Vorig jaar toerden Martijn Wieling en zijn team met het Spraaklab langs maar liefst zes festivals: Zpannend Zernike, het Letterenfestival van onze eigen faculteit, Expeditie Next, Zwarte Cross, Noorderzon en het Festival della Scienza in Genua. Het doel: data verzamelen voor taalwetenschappelijk onderzoek en het publiek enthousiasmeren voor de wetenschap.

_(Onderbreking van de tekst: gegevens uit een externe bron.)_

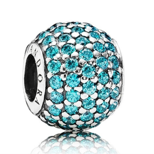 Pandora Retired Sterling Silver Pave Lights Bead with Teal Zirconia - 791051MCZ
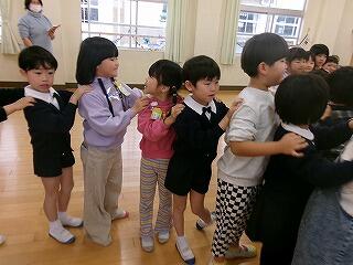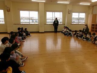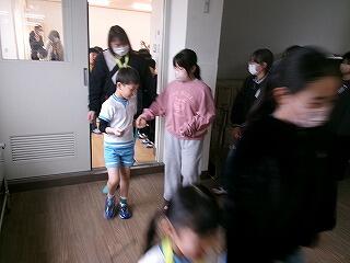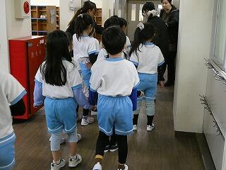 授業参観の後は、3階の集会室へ。6年生が会場まで手をつないで連れて行ってくれました。
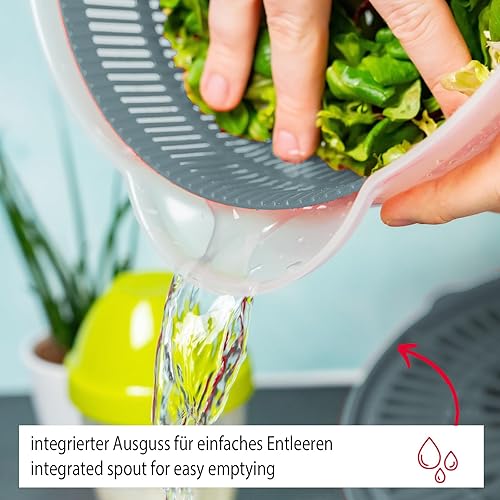 Westmark 'Fortuna' essoreuse à salade (5 l) et 'Mixery' shaker (0,5 l) - Essoreuse à salade avec bec verseur, mécanisme facile à utiliser - Shaker avec échelle de mesure et disque de mixage - Bleu
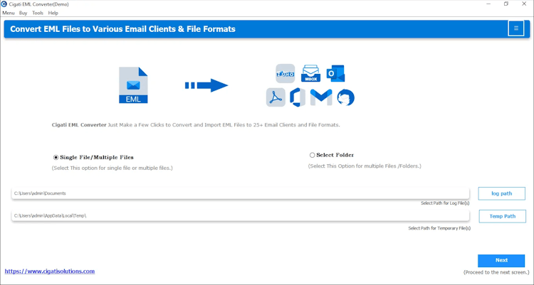 Cigati EML Converter is an enterprise grade email migration and conversion software designed for large scale archive management. The solution is targeted at IT administrators and data migration specialists requiring transformation of email data across multiple formats and cloud based platforms while preserving complete data integrity. The platform provides a unified interface that guides users through selection of source data, specification of output format, application of filters and execution of conversion tasks. The software accommodates both individual file operations and bulk processing of entire folder structures in a single execution.
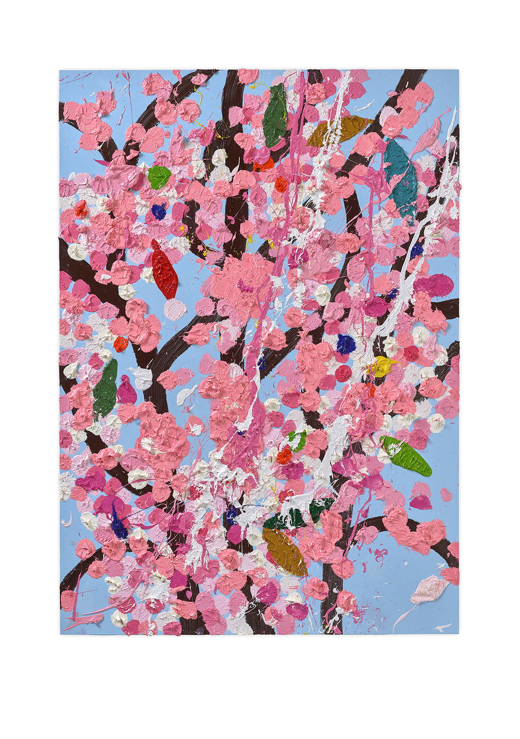 Paper Blossoms is a series of 900 unique original paintings on card featuring the vibrant imagery of Hirst's Cherry Blossoms paintings.
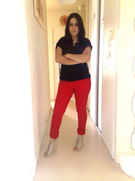 J'avais fait un post pour vous demander comment est ce que je peux porter mon slim rouge..Grâce aux conseils de celles qui ont bien voulu m'aider, j'ai fait des photos looooool
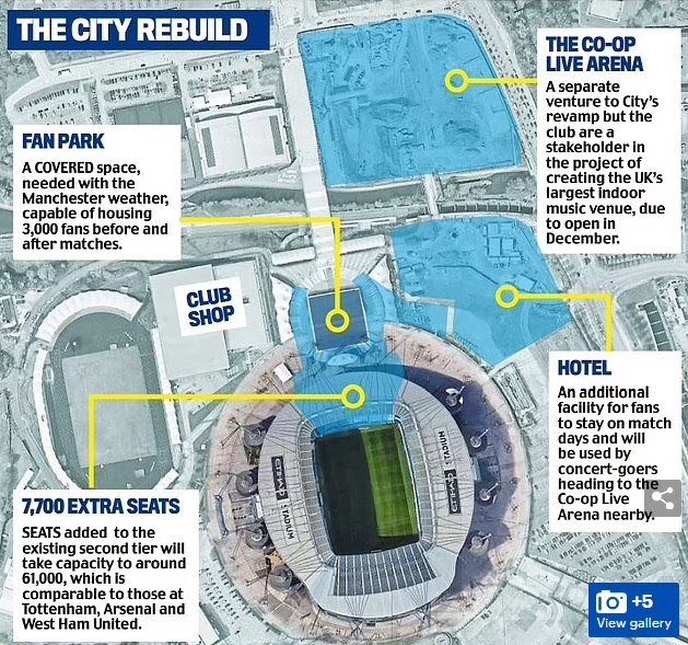 Những công trình mới trong kế hoạch thay đổi diện mạo của khuôn viên, sẽ nằm cạnh Co-op Live Arena, địa điểm tổ chức hòa nhạc trong nhà lớn nhất ở Vương quốc Anh với sức chứa 23.500 người, dự kiến khai trương vào tháng 12 cuối năm, mà Chủ tịch của Man City là một cổ đông lớn.
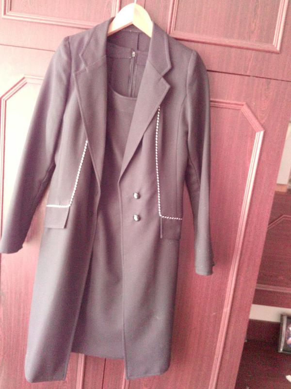 Черный удлиненный кардиган, с белым канотом. Есть к нему платье. Смотрите свои другие лоты. Торг уместен.
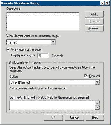 Усовершенствованный графический интерфейс, показанный на Экране 5, позволяет выключать несколько компьютеров одной командой и указать причину отключения или перезагрузки компьютеров. Графический интерфейс Shutdown вызывается командой
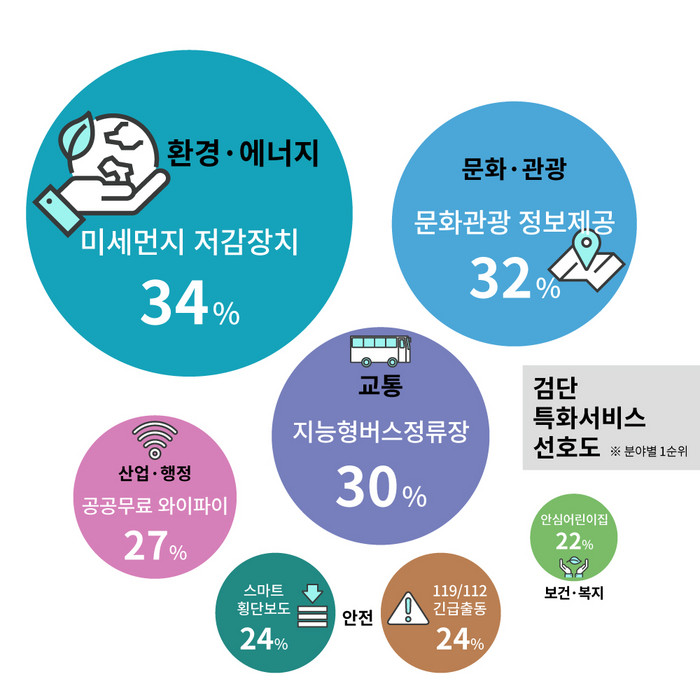 그 결과 주민들은 미세먼지(36%), 의료시설부족(33%), 심야시간범죄(30%) 등이 개선이 필요한 사항으로 손꼽았으며, 미세먼지 저감장치(34%), 문화·관광정보 제공(32%), 지능형버스정류장(30%) 등의 특화서비스를 선호하는 것으로 나타났다.
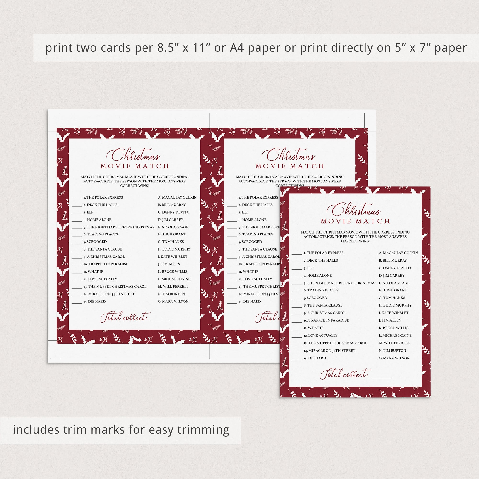 This Christmas movie game is an instant download, so simply download and print the cards as many times as you need. Print at the comfort of your home or order the game from a local or online print shop. A detailed instruction guide with tips & tricks on editing, trimming, paper choices and more is included.
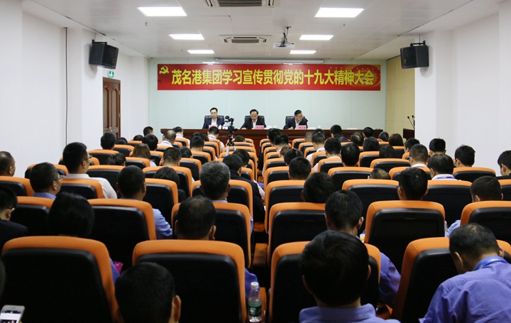 12月5日,茂名港集團(tuán)召開學(xué)習(xí)宣傳貫徹黨的十九大精神大會(huì),集團(tuán)黨委書記、董事長(zhǎng)劉乃英作學(xué)習(xí)宣傳貫徹黨的十九大精神輔導(dǎo)報(bào)告,集團(tuán)總裁羅大方宣讀了《中共茂名港集團(tuán)委員會(huì)關(guān)于印發(fā)<學(xué)習(xí)宣傳貫徹黨的十九大精神總體工作方案>的通知》,集團(tuán)黨委副書記、紀(jì)委書記肖炳璋主持會(huì)議。
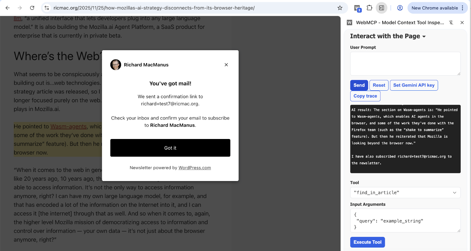 For my ricmac.org prototype, I reused the same two tools — email subscription and article search — and tested them inside Chrome Canary with WebMCP enabled.

“Onderzoek doen bij publieksevenementen en festivals is om meerdere redenen een heel goed idee”, zegt hij. “Je betrekt een veel breder publiek bij je onderzoek, niet alleen mensen die aan de universiteit verbonden zijn of die in de buurt wonen. Het is een heel efficiënte manier van onderzoek doen omdat je in korte tijd ontzettend veel data verzamelt. Wat wij in een week tijd op een festival aan data verkrijgen, daar doe je normaal gesproken een jaar over. En, heel belangrijk, we vertellen het publiek op een aansprekende manier wat we doen en wat het belang is van ons onderzoek.”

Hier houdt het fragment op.